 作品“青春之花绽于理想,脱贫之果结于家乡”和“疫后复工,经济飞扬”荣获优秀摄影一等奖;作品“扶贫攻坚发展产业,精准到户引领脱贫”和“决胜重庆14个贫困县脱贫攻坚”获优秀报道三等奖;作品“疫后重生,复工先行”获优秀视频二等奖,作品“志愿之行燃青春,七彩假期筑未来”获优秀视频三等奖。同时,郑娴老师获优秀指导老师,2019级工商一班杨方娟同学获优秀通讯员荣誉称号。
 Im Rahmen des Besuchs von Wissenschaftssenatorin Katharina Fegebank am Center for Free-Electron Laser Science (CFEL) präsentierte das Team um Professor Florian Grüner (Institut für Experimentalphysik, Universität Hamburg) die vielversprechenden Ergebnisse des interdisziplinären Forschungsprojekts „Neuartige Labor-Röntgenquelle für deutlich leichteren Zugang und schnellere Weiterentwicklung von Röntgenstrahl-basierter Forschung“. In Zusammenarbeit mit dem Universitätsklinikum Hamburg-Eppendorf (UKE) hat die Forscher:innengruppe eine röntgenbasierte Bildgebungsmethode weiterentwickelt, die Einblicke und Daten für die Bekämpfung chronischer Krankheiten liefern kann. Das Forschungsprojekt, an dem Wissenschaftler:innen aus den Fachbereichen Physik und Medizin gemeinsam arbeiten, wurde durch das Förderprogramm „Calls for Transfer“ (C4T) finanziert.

________________

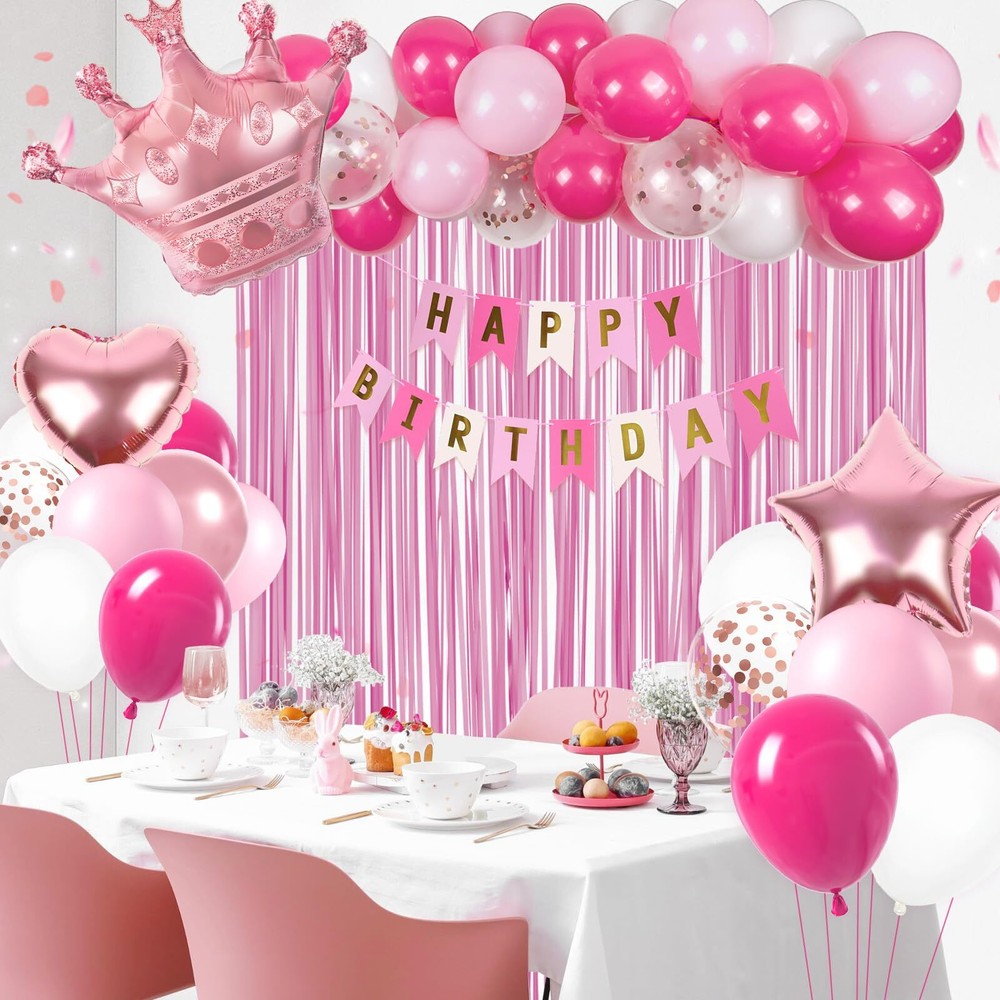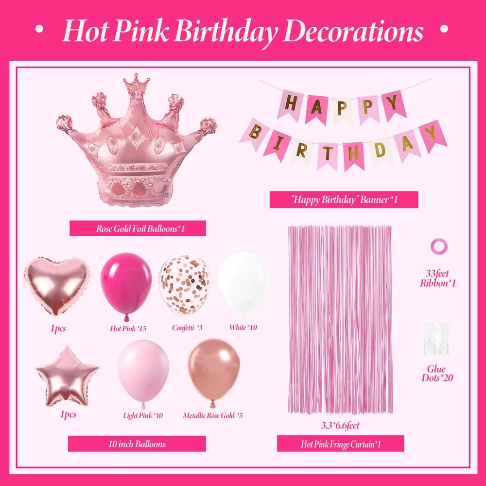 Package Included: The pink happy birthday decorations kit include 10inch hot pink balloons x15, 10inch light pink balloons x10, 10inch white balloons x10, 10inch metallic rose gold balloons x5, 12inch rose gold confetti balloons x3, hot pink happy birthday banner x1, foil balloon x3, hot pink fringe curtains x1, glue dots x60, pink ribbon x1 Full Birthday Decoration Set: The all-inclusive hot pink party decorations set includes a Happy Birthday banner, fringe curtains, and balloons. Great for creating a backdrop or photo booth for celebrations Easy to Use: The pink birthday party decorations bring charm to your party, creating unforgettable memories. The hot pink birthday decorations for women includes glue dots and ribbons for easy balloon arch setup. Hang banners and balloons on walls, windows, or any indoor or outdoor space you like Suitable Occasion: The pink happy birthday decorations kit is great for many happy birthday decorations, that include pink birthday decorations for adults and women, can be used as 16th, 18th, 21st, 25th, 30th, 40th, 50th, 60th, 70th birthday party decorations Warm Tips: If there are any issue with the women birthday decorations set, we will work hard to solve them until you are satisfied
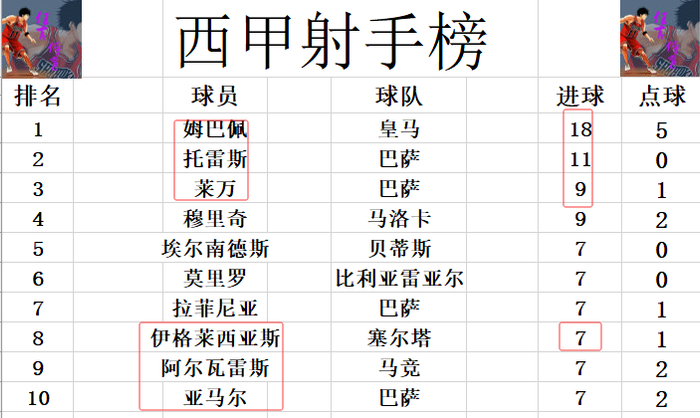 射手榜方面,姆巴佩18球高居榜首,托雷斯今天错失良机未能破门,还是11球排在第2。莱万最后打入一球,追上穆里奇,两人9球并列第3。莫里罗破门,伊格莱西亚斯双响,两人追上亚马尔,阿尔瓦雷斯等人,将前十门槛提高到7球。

________________

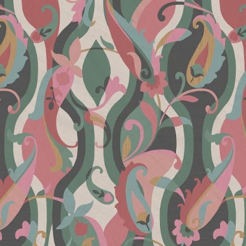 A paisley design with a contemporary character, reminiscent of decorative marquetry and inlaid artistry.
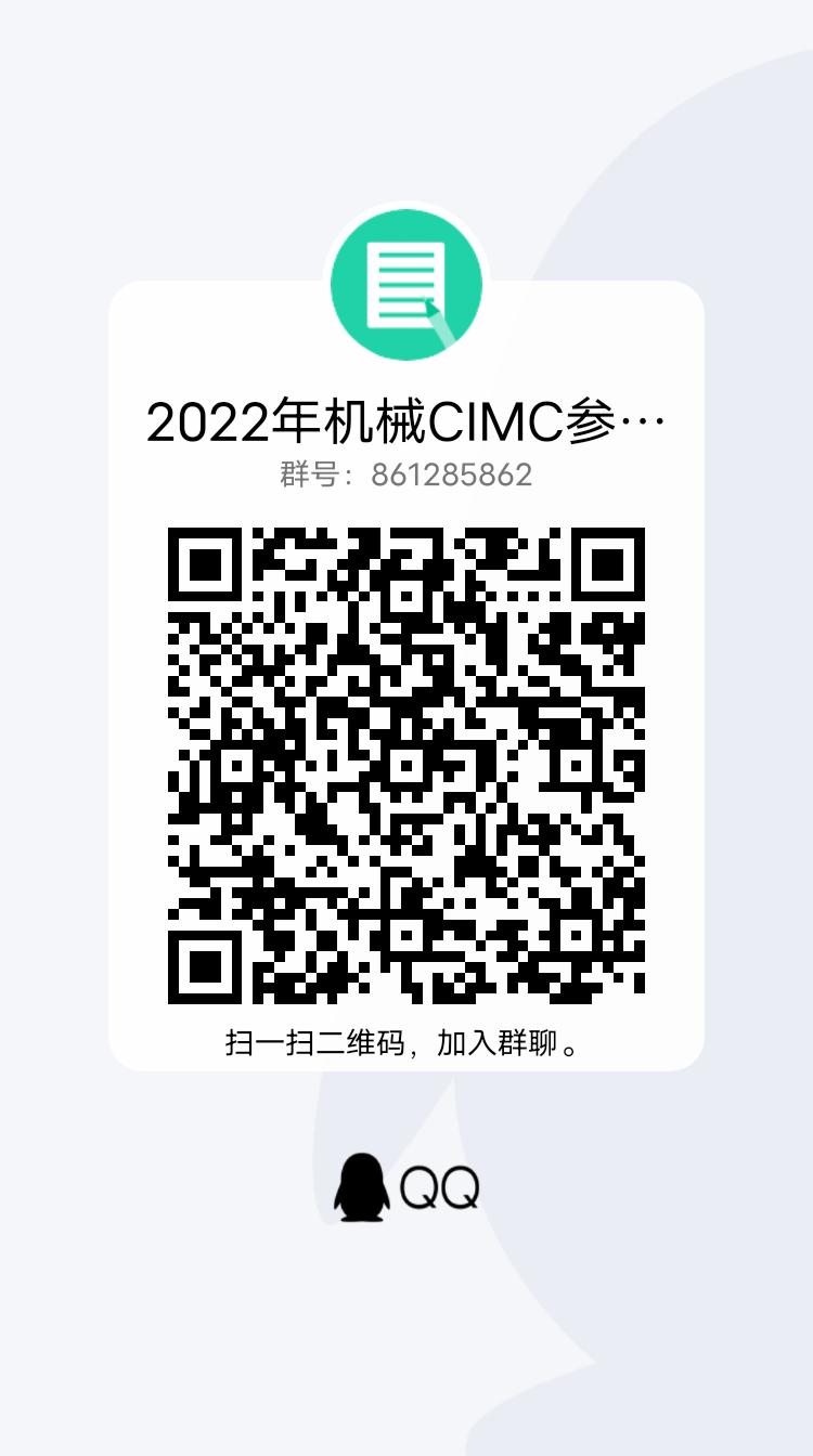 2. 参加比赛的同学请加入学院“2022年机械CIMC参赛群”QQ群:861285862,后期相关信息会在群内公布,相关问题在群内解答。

________________

Problem to work on =
When you reach the line with "A paisley design" in the records above, begin repeating the lines exactly, and stop after the line with "2. 参加比赛的同学请加入学". Skip all pictures.

Result of this task =
 A paisley design with a contemporary character, reminiscent of decorative marquetry and inlaid artistry.
 2. 参加比赛的同学请加入学院“2022年机械CIMC参赛群”QQ群:861285862,后期相关信息会在群内公布,相关问题在群内解答。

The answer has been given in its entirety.